_THE DATA_.
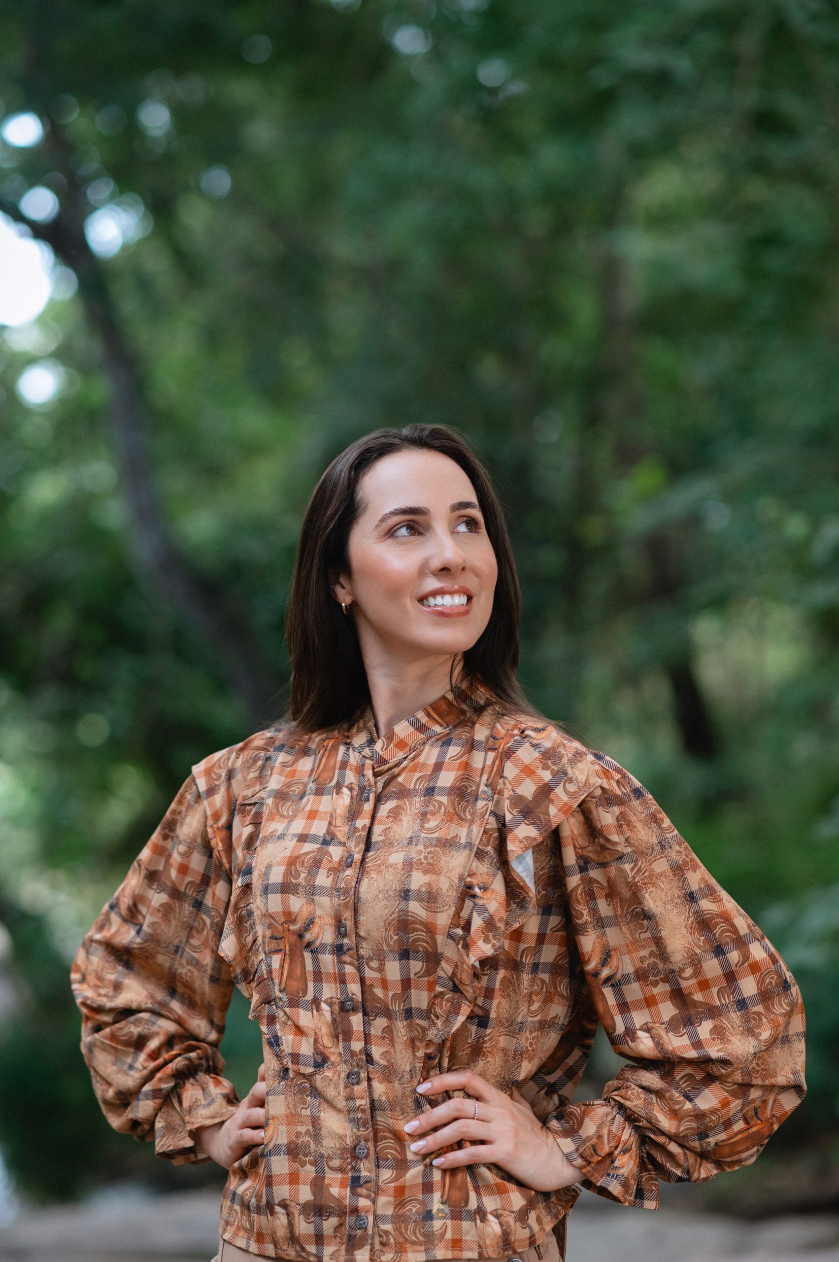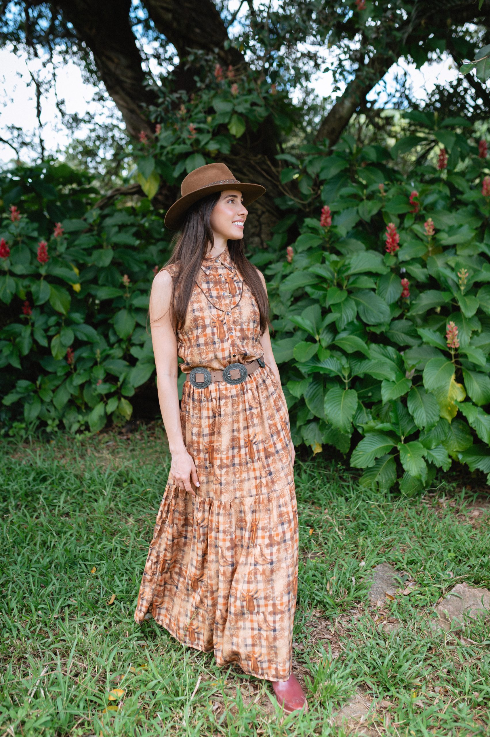 Saia longa transpassada frontal. tecido flanelado xadrez em tons terrosos.
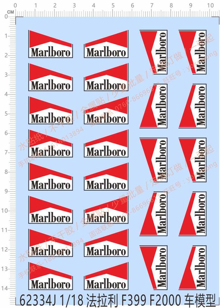 1 x 1/18 Scale Marlboro Water Slide Decal for Ferrari F399 F2000 Car Model Kits 62334J
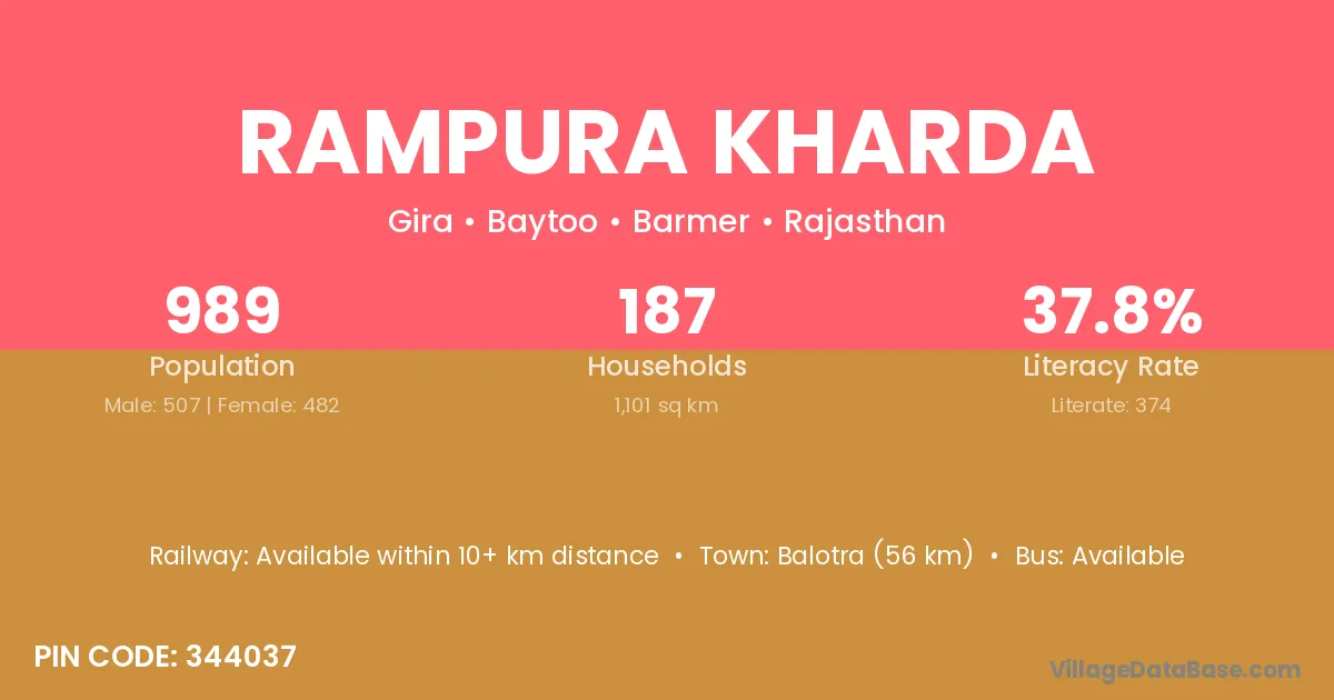 Rampura Kharda village has a total population of 989 people, of which 507 are males and 482 are females.
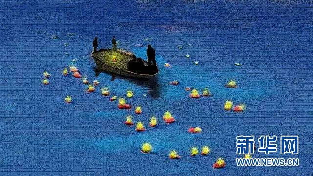 此时此刻,白洋淀是灯的淀泊,灯的世界。新华网原创手绘

_EXERCISE DIRECTIONS_.
Could the material above be written out again word for word, with the pictures dropped?

_TASK RESPONSE_.
 Saia longa transpassada frontal. tecido flanelado xadrez em tons terrosos.
 1 x 1/18 Scale Marlboro Water Slide Decal for Ferrari F399 F2000 Car Model Kits 62334J
 Rampura Kharda village has a total population of 989 people, of which 507 are males and 482 are females.
 此时此刻,白洋淀是灯的淀泊,灯的世界。新华网原创手绘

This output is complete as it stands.